### DATASET EXCERPTS
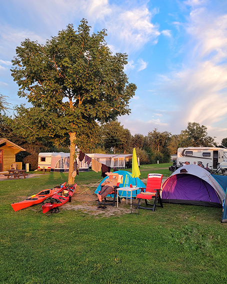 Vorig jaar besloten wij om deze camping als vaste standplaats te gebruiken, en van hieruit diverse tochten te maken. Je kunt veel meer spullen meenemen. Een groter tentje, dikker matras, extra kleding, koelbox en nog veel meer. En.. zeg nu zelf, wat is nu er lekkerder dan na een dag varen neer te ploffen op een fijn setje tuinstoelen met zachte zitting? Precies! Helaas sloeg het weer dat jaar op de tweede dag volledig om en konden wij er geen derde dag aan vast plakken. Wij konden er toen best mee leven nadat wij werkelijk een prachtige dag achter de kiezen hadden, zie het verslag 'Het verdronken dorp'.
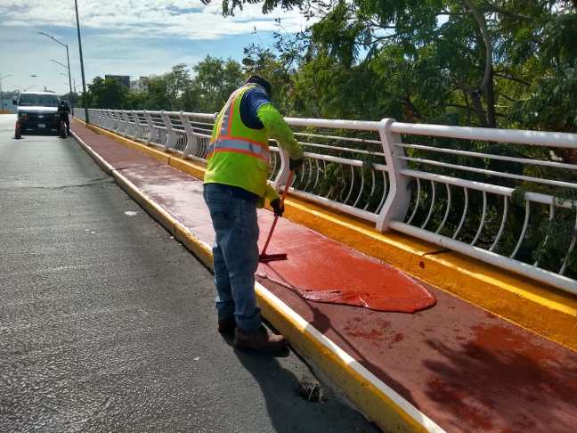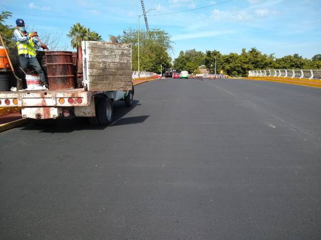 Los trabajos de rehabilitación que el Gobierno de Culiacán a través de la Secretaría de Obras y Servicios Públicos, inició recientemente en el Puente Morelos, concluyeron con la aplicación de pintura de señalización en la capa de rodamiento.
######
### DATASET EXCERPTS
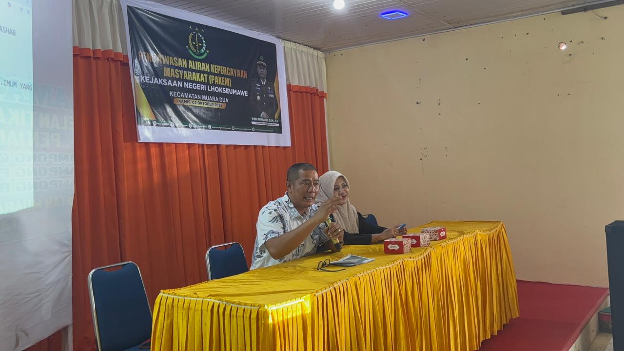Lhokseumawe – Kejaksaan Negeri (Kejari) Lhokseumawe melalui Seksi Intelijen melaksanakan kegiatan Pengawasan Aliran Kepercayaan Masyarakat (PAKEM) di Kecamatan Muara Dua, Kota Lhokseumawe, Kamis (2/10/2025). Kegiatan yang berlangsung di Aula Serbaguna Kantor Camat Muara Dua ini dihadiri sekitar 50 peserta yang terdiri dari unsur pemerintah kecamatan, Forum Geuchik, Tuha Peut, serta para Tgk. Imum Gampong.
######
### DATASET EXCERPTS
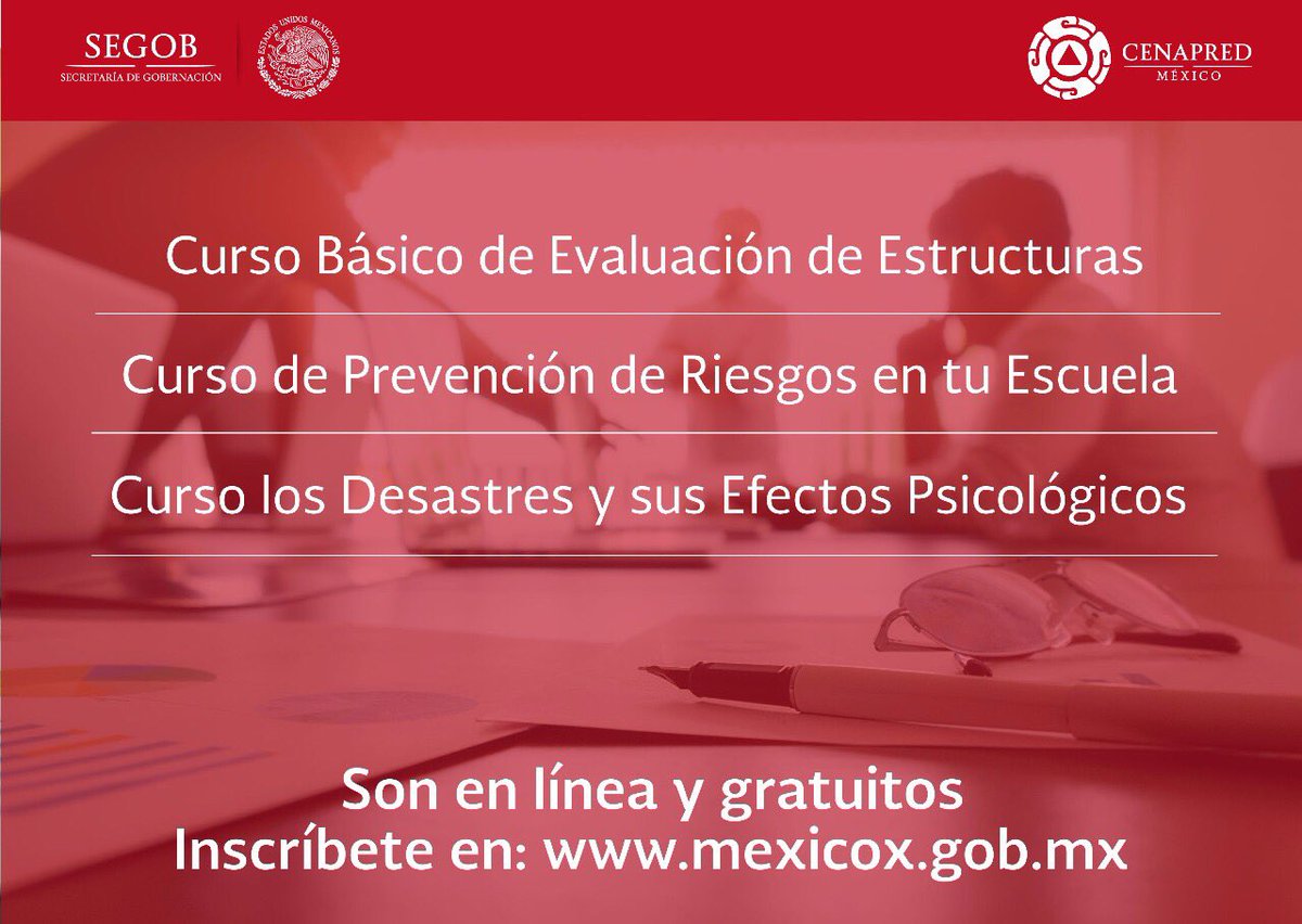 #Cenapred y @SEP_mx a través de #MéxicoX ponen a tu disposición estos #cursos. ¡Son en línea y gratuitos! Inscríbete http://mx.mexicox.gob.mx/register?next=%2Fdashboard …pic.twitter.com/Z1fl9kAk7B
######
◆ **REQUIREMENT**: Exact copy, pictures excluded: from the line with "Vorig jaar besloten" up to and including the line with "Los trabajos de" in the data above.

◆ **ANSWER TO THIS TASK**:
 Vorig jaar besloten wij om deze camping als vaste standplaats te gebruiken, en van hieruit diverse tochten te maken. Je kunt veel meer spullen meenemen. Een groter tentje, dikker matras, extra kleding, koelbox en nog veel meer. En.. zeg nu zelf, wat is nu er lekkerder dan na een dag varen neer te ploffen op een fijn setje tuinstoelen met zachte zitting? Precies! Helaas sloeg het weer dat jaar op de tweede dag volledig om en konden wij er geen derde dag aan vast plakken. Wij konden er toen best mee leven nadat wij werkelijk een prachtige dag achter de kiezen hadden, zie het verslag 'Het verdronken dorp'.
 Los trabajos de rehabilitación que el Gobierno de Culiacán a través de la Secretaría de Obras y Servicios Públicos, inició recientemente en el Puente Morelos, concluyeron con la aplicación de pintura de señalización en la capa de rodamiento.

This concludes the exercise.